Tenant admin 1 has created his VNet on subscription 1 and connected the virtual machines.
However, tenant admin 2 creates a new VNet on subscription 2 and connect his VM Roles, they are not able to communicate with the VMs on subscription 1.

So what do we do?

As this isn’t something we are exposing through the GUI nor the API, we have to get in touch with the service admin itself.

You have already noticed that we are dealing with two tenants here, so that should give you an indication on what we are about to do.
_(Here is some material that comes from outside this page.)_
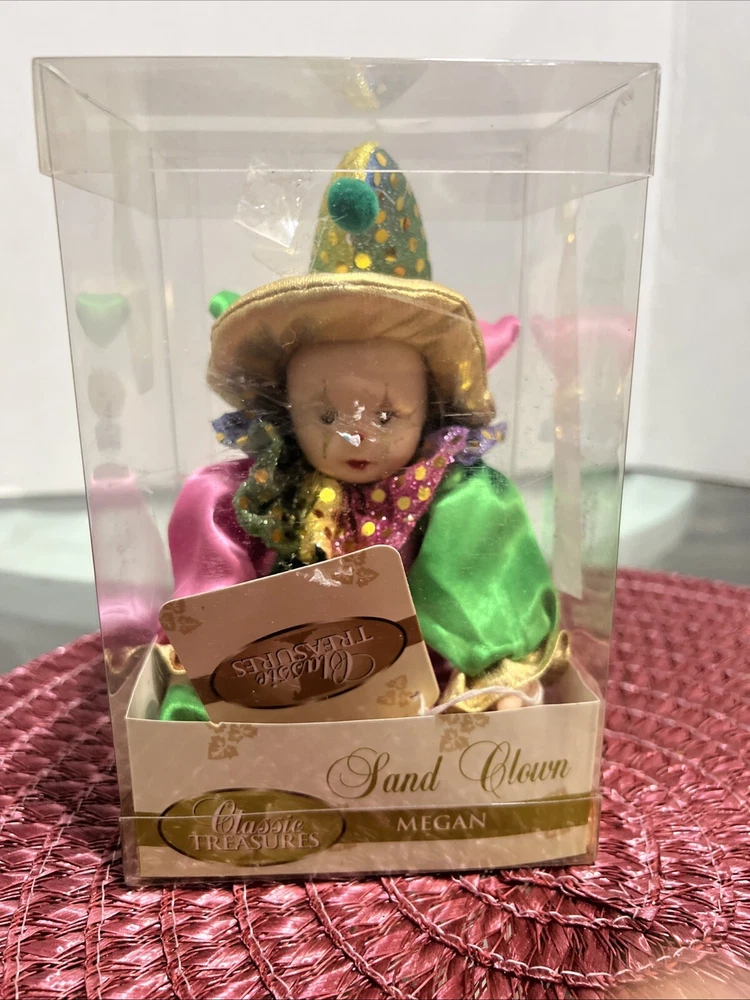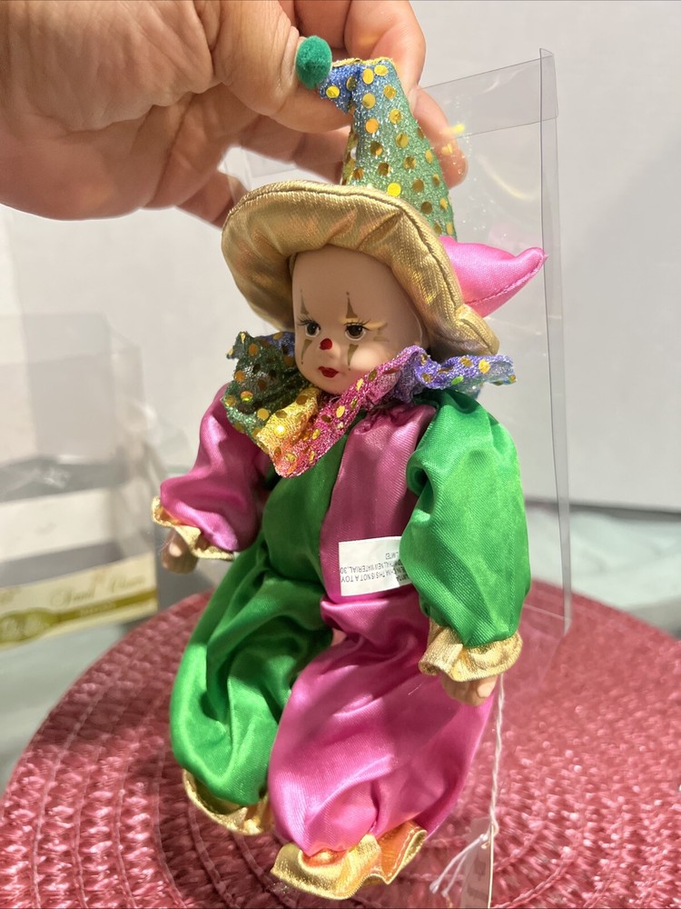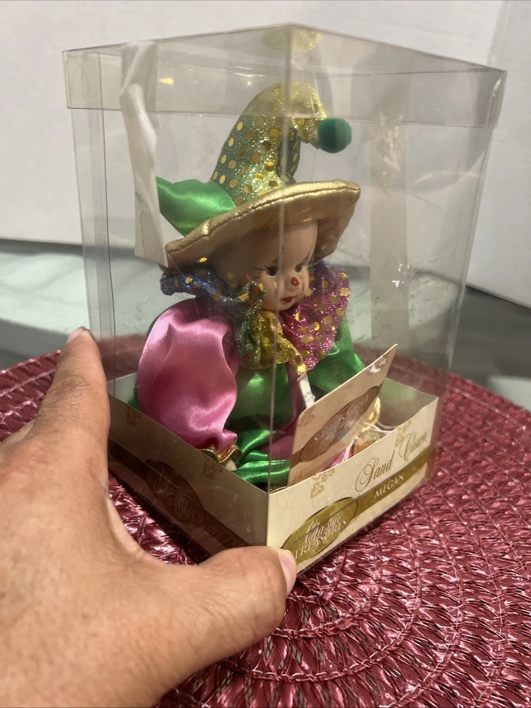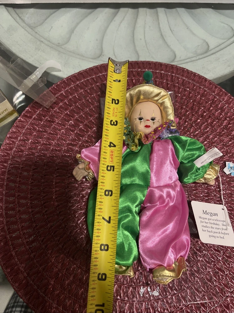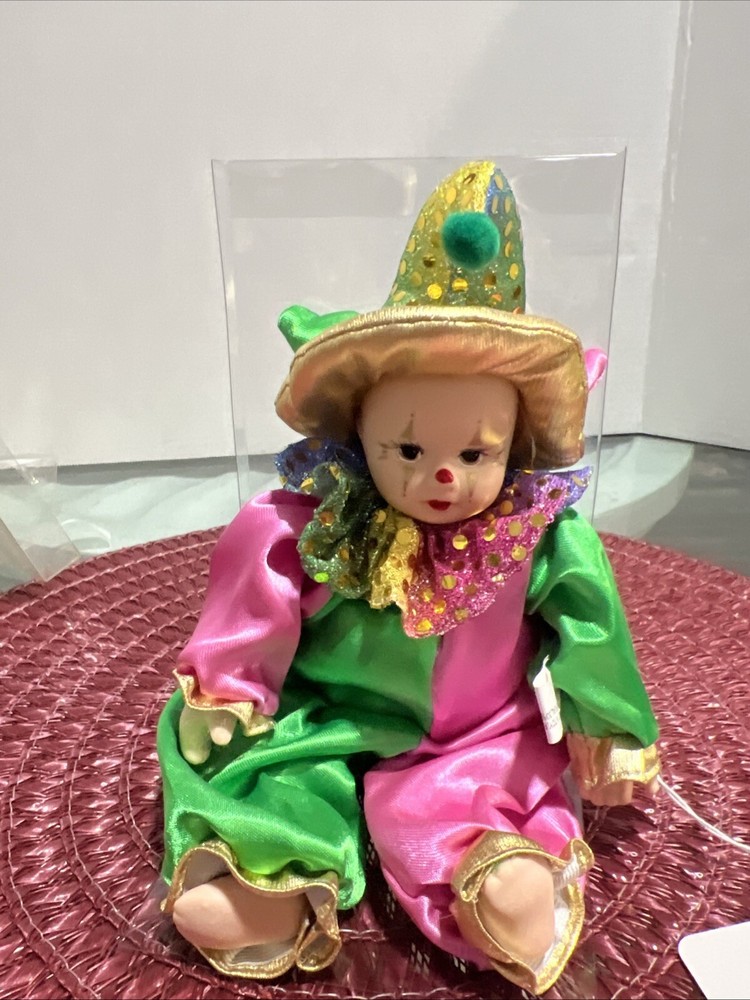 This vintage Megan Classic Treasures porcelain clown doll exudes happiness and love with its curly red hair and light complexion. Standing at 16 inches tall, this original 1989 doll from China comes with a stand for display. A unique addition to any doll collection, this clown doll is a charming representation of joy and nostalgia, perfect for collectors who appreciate vintage porcelain dolls with a touch of whimsy. Look at the pictures and ask questions before making your purchase

We are going to share some resources in the backend.

If we head over to SCVMM and look at the VM Network in Powershell, a few interesting properties are appearing to the surface.



UserRole which says this is associated with a UserRole in SCVMM, which can be generated by Azure Pack and aggregated through SPF.
Owner which is owning the VM network in SCVMM.
GrantedToList which is obviously where we can allow other UserRoles to have access to this object.

Interesting.

This means that the service admin can help their tenants with the following.

Grant access to tenant admin 2 on the VNet that was created on subscription 1 – by tenant admin 1.

Powershell cmdlets:

### Find the VM network you want to share between subscriptions

$VNet = Get-SCVMNetwork | Where-Object {$_.name -eq "TechEd" -and $_.Owner -eq "knadm@internal.systemcenter365.com"}

### Find the tenant admin for that subscription

$tenant = Get-SCUserRole | Where-Object {$_.Name -like "*kristine*"}

### Grant access

Grant-SCResource -Resource $VNet -UserRoleID $tenant.ID -RunAsynchronously



We have now enabled the following scenario:



Ok, so what is next?

You can now access the tenant portal and deploy your workloads.

In the portal, you will never be able to manage the VNet on this subscription, only deploy workloads that are connected to it.